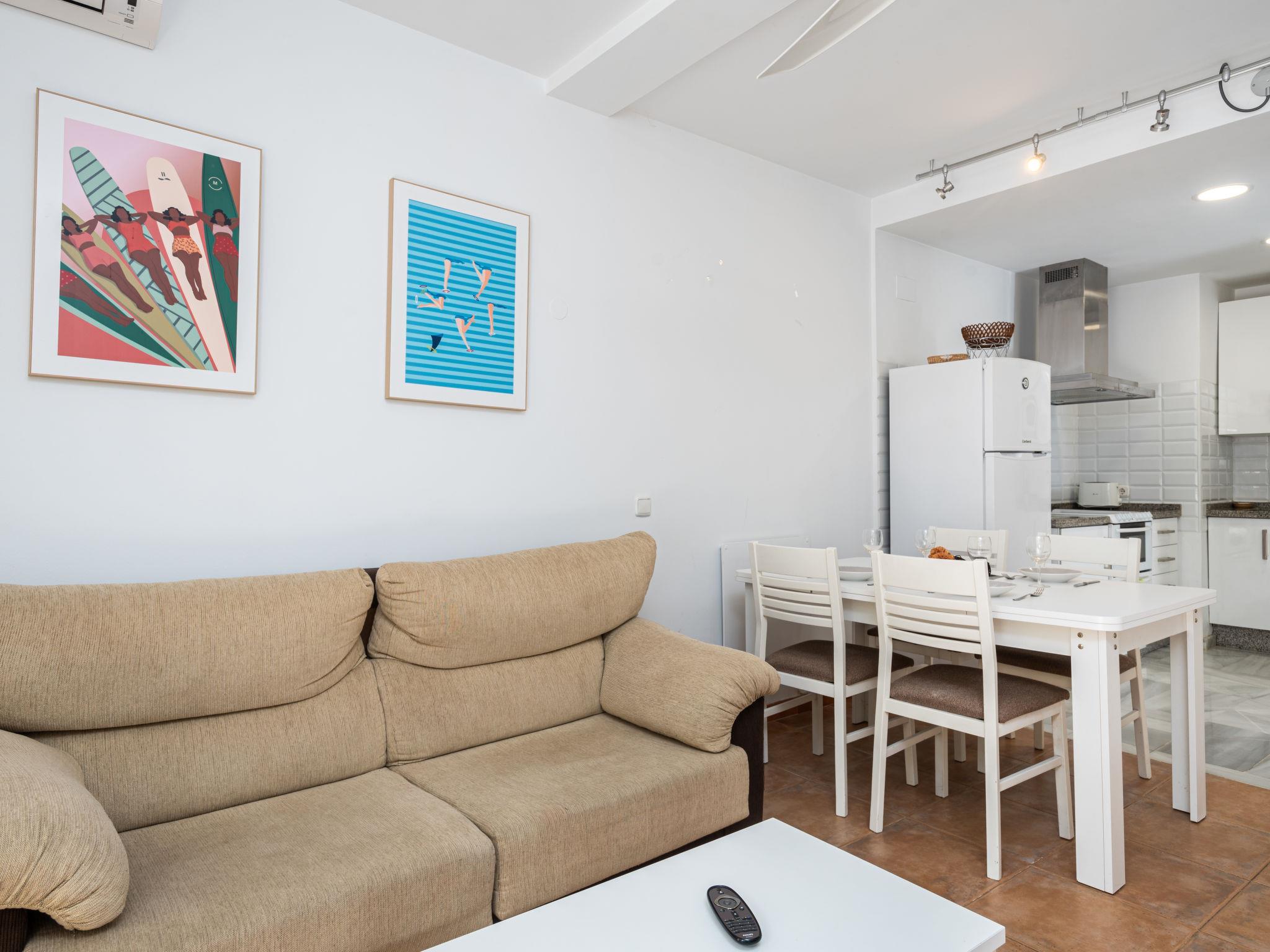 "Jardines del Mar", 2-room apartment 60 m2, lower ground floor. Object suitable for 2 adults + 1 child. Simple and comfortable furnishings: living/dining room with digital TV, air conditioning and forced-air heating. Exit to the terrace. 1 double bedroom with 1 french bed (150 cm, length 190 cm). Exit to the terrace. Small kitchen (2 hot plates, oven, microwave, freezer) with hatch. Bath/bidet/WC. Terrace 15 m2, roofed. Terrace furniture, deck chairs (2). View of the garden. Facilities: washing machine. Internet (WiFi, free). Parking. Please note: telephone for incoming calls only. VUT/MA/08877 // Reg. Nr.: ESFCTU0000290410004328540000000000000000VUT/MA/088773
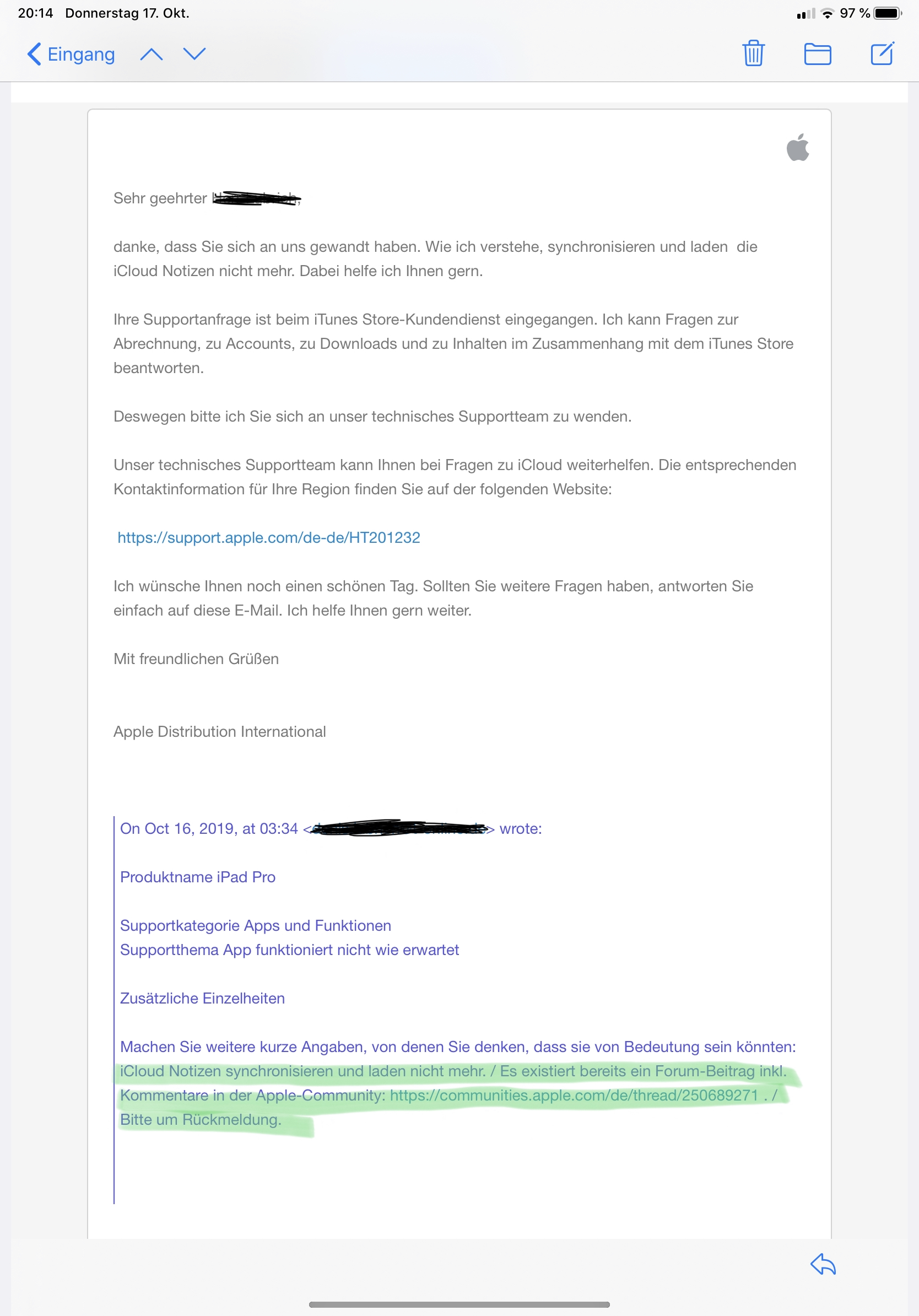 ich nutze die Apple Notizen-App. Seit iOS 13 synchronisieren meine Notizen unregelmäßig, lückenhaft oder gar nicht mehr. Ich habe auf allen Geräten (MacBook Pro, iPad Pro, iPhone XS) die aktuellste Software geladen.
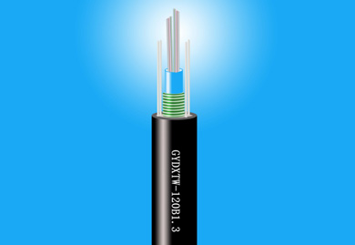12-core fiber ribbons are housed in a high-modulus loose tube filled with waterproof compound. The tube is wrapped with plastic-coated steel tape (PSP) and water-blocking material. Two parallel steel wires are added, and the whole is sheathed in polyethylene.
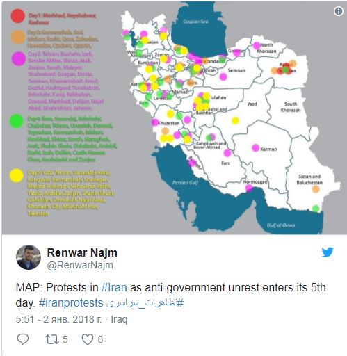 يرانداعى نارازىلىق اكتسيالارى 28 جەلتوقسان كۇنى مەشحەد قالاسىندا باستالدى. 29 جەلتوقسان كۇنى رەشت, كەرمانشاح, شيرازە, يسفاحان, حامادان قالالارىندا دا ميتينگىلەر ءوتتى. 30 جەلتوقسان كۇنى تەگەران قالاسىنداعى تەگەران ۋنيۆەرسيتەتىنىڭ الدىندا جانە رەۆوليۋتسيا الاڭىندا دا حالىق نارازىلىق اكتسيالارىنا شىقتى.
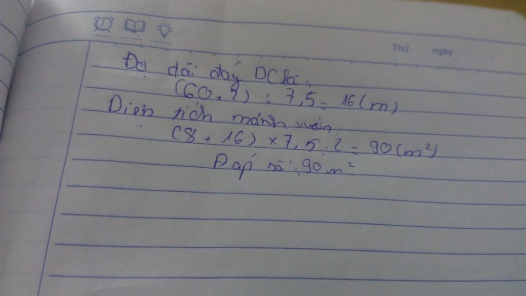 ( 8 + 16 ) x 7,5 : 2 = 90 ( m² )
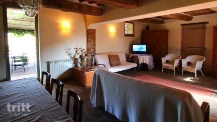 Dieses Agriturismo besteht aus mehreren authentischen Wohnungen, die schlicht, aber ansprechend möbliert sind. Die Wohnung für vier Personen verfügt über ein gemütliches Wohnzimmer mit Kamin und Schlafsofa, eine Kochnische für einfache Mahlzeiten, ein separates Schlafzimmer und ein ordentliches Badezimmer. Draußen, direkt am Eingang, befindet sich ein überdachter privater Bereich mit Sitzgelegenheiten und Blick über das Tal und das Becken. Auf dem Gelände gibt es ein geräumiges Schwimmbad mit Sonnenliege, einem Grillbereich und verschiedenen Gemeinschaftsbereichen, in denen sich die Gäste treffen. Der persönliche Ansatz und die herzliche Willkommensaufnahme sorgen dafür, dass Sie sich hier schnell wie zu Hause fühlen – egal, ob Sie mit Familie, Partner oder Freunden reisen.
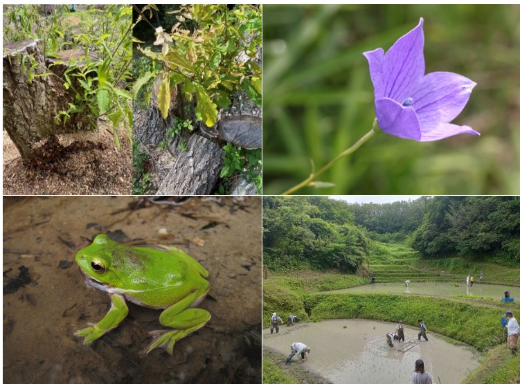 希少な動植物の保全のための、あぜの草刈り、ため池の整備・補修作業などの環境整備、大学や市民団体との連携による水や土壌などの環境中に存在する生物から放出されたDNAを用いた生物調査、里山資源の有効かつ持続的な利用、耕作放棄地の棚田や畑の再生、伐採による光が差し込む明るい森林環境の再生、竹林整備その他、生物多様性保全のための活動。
• • •
Problem description — None of the pictures should be carried over when the data above is transcribed exactly.

Answer to this task —
 "Jardines del Mar", 2-room apartment 60 m2, lower ground floor. Object suitable for 2 adults + 1 child. Simple and comfortable furnishings: living/dining room with digital TV, air conditioning and forced-air heating. Exit to the terrace. 1 double bedroom with 1 french bed (150 cm, length 190 cm). Exit to the terrace. Small kitchen (2 hot plates, oven, microwave, freezer) with hatch. Bath/bidet/WC. Terrace 15 m2, roofed. Terrace furniture, deck chairs (2). View of the garden. Facilities: washing machine. Internet (WiFi, free). Parking. Please note: telephone for incoming calls only. VUT/MA/08877 // Reg. Nr.: ESFCTU0000290410004328540000000000000000VUT/MA/088773
 ich nutze die Apple Notizen-App. Seit iOS 13 synchronisieren meine Notizen unregelmäßig, lückenhaft oder gar nicht mehr. Ich habe auf allen Geräten (MacBook Pro, iPad Pro, iPhone XS) die aktuellste Software geladen.
12-core fiber ribbons are housed in a high-modulus loose tube filled with waterproof compound. The tube is wrapped with plastic-coated steel tape (PSP) and water-blocking material. Two parallel steel wires are added, and the whole is sheathed in polyethylene.
 يرانداعى نارازىلىق اكتسيالارى 28 جەلتوقسان كۇنى مەشحەد قالاسىندا باستالدى. 29 جەلتوقسان كۇنى رەشت, كەرمانشاح, شيرازە, يسفاحان, حامادان قالالارىندا دا ميتينگىلەر ءوتتى. 30 جەلتوقسان كۇنى تەگەران قالاسىنداعى تەگەران ۋنيۆەرسيتەتىنىڭ الدىندا جانە رەۆوليۋتسيا الاڭىندا دا حالىق نارازىلىق اكتسيالارىنا شىقتى.
 ( 8 + 16 ) x 7,5 : 2 = 90 ( m² )
 Dieses Agriturismo besteht aus mehreren authentischen Wohnungen, die schlicht, aber ansprechend möbliert sind. Die Wohnung für vier Personen verfügt über ein gemütliches Wohnzimmer mit Kamin und Schlafsofa, eine Kochnische für einfache Mahlzeiten, ein separates Schlafzimmer und ein ordentliches Badezimmer. Draußen, direkt am Eingang, befindet sich ein überdachter privater Bereich mit Sitzgelegenheiten und Blick über das Tal und das Becken. Auf dem Gelände gibt es ein geräumiges Schwimmbad mit Sonnenliege, einem Grillbereich und verschiedenen Gemeinschaftsbereichen, in denen sich die Gäste treffen. Der persönliche Ansatz und die herzliche Willkommensaufnahme sorgen dafür, dass Sie sich hier schnell wie zu Hause fühlen – egal, ob Sie mit Familie, Partner oder Freunden reisen.
 希少な動植物の保全のための、あぜの草刈り、ため池の整備・補修作業などの環境整備、大学や市民団体との連携による水や土壌などの環境中に存在する生物から放出されたDNAを用いた生物調査、里山資源の有効かつ持続的な利用、耕作放棄地の棚田や畑の再生、伐採による光が差し込む明るい森林環境の再生、竹林整備その他、生物多様性保全のための活動。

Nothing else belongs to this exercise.